Hacker News new | past | comments | ask | show | jobs | submit login
Web Archive appears to be down (archive.org)
93 points by pana1 on Nov 27, 2022 | hide | past | favorite | 18 comments



I recently wondered, and I assume the answer is on the website that is currently down, about what guarantees that Web Archive will survive longer than your standard website?

What makes it an archive in terms of longevity? Is it backed by governments or NGOs? What if the funding stops? Etc.


I used to work in Web preservation and we often discussed/collaborated with internet archive.

I was working in a French government-funded Web preservation project.

Many countries have such government-led projects (france, norway, iceland, italy, usa - via the library of congress, slovenia). For a full list of who does that, see https://netpreserve.org/

Short answer: partial replication of the data at other institutions + overlap of the archive at other institutions

Many projects like internet archive exist, they are not necessarily publicly accessible via the internet (in France the archive can be consulted from public libraries via dedicated computers).

If you are interested in the topic, also take a look at the LOCKSS project from Stanford: https://www.lockss.org/


Is there an existing service where I can query an URL and get a list of preservation projects that have successfully archived that URL?


You are looking for Memento.

- http://timetravel.mementoweb.org/ (search seems to be down)

- https://www.webarchive.org.uk/mementos/search (search not responsive for me)

- https://mementoweb.github.io/SiteStory/redirector.html (protocol and tools)
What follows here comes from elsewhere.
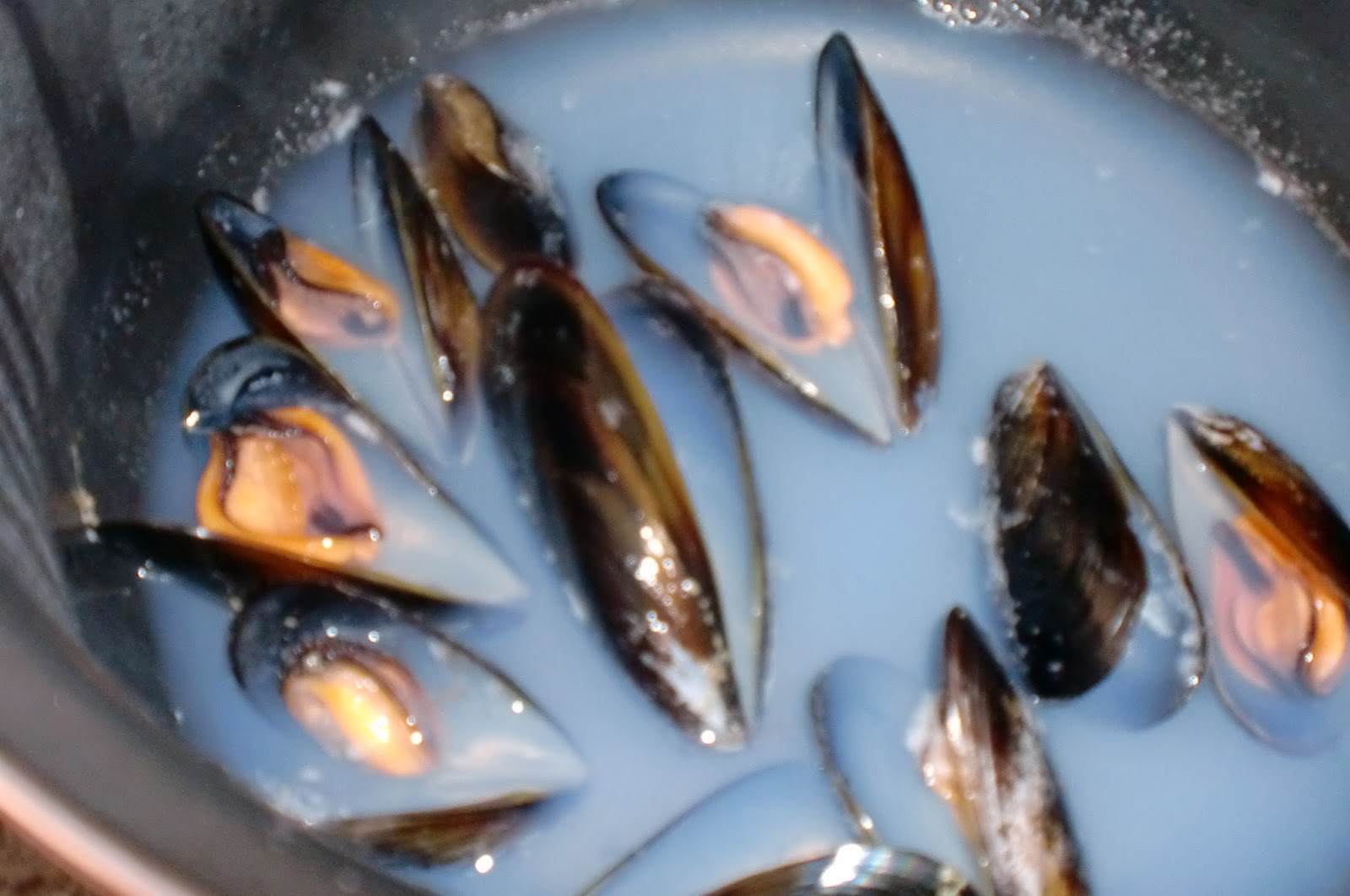 Vertemos el caldo bien colado y agregamos las mollas de los mejillones

There are a few browser add-ons that will list about a dozen archives for every page you visit. However, that doesn't include non-public services like the one mentioned above.


How does replication in the EU work with right to be forgotten laws?
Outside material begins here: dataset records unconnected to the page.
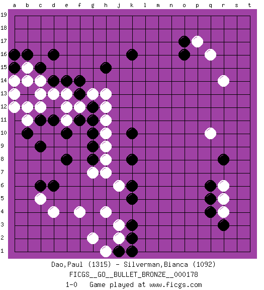Last move : 1-0 2019 August 22 0:43:53 [Event "FICGS__GO__BULLET_BRONZE__000178"] [Site "FICGS"] [Date "2019.08.22"] [Round "1"] [Black "Dao,Paul"] [White "Silverman,Bianca"] [Result "1-0"] [Rating 1 "1315"] [Rating 2 "1092"] 1.k10 q16 2.q4 d4 3.d16 q10 4.o17 p17 5.o16 r14 6.k16 c14 7.d14 d13 8.e14 e13 9.c15 b15 10.b16 b14 11.f13 f12 12.g12 g13 13.f14 h12 14.g11 h13 15.h15 h11 16.g10 h10 17.g9 h9 18.g8 h8 19.d11 c12 20.c11 e11 21.e10 b11 22.b10 a12 23.b13 a13 24.c9 b12 25.a15 a14 26.a16 c13 27.f11 e12 28.c6 c5 29.d6 f4 30.k8 h7 31.k6 j6 32.k5 g7 33.e8 h4 34.k3 j3 35.k2 j2 36.j1 h1 37.k1 g2 38.r8 r6 39.q6 r4 40.r3 r5 41.q5 1-0 Here are the names of the openings (joseki) played in the four corners : Corner q16 : q16 o17 Hoshi (Hwajeom, Seongjeom, Xingwei`) 4-4 Point. The star or hoshi (4-4) point, emphasizing influence at the potential expense of territory. Ikken Kakari (Hankan Keolch'im, Yi Gua`jiao~, 1-Space Low Approach). Black 2 is the standard approach move to the 4-4. Corner d16 : d16 c14 Hoshi (Hwajeom, Seongjeom, Xingwei`) 4-4 Point. The star or hoshi (4-4) point, emphasizing influence at the potential expense of territory. Ikken Kakari (Hankan Keolch'im, Yi Gua`jiao~, 1-Space Low Approach). White 2 is the standard approach move to the 4-4. Corner d4 : d4 g9 Hoshi (Hwajeom, Seongjeom, Xingwei`) 4-4 Point. The star or hoshi (4-4) point, emphasizing influence at the potential expense of territory. Player Black won this Go (weiqi, baduk) game. Follow this game move after move (download)Ikken tobi is never wrong. (Anonymous) An expert is a man who has made all the mistakes which can be made in a very narrow field. (Niels Bohr)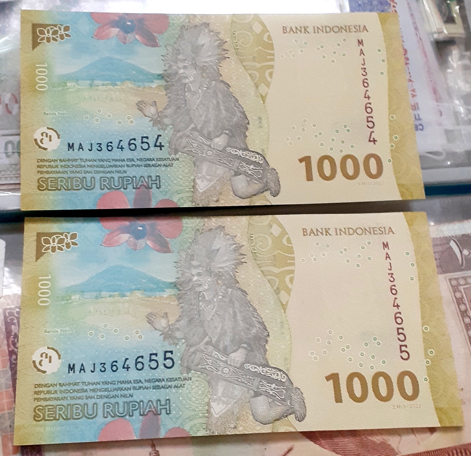 جفت اسکناس زیبای 1000روپیه اندونزی کمیاب 2022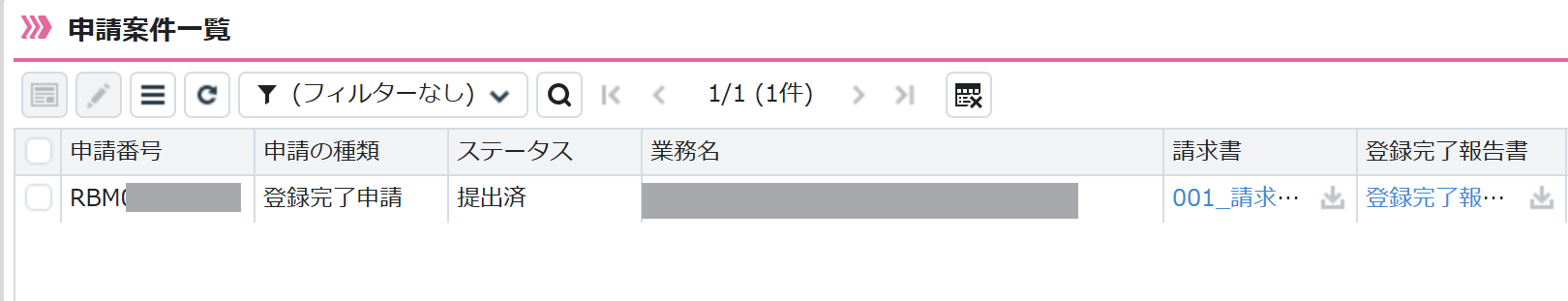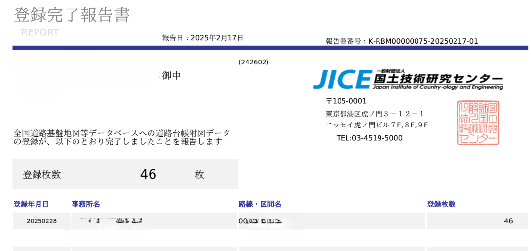 請求書と同時に、以下に示すような登録完了報告書もあわせてダウンロードできます。発注者よりデータベースへの登録完了の証明を求められた際にご利用ください。

There are public interest exceptions to European right-to-be-forgotten laws.

Cases are handled on an individual basis. Sometimes those exceptions apply, sometimes the needs of the individual supercedes those public interests.


That’s why they’re collaborating with IPFS, a p2p content addressed file system


I haven't been able to figure out how to access the IPFS versions of the archive. They technically have a version of their site hosted through IPFS (https://www-dweb-cors.dev.archive.org/web), but when searching for a specific url like nytimes.com, it just redirects to the standard archive.org url.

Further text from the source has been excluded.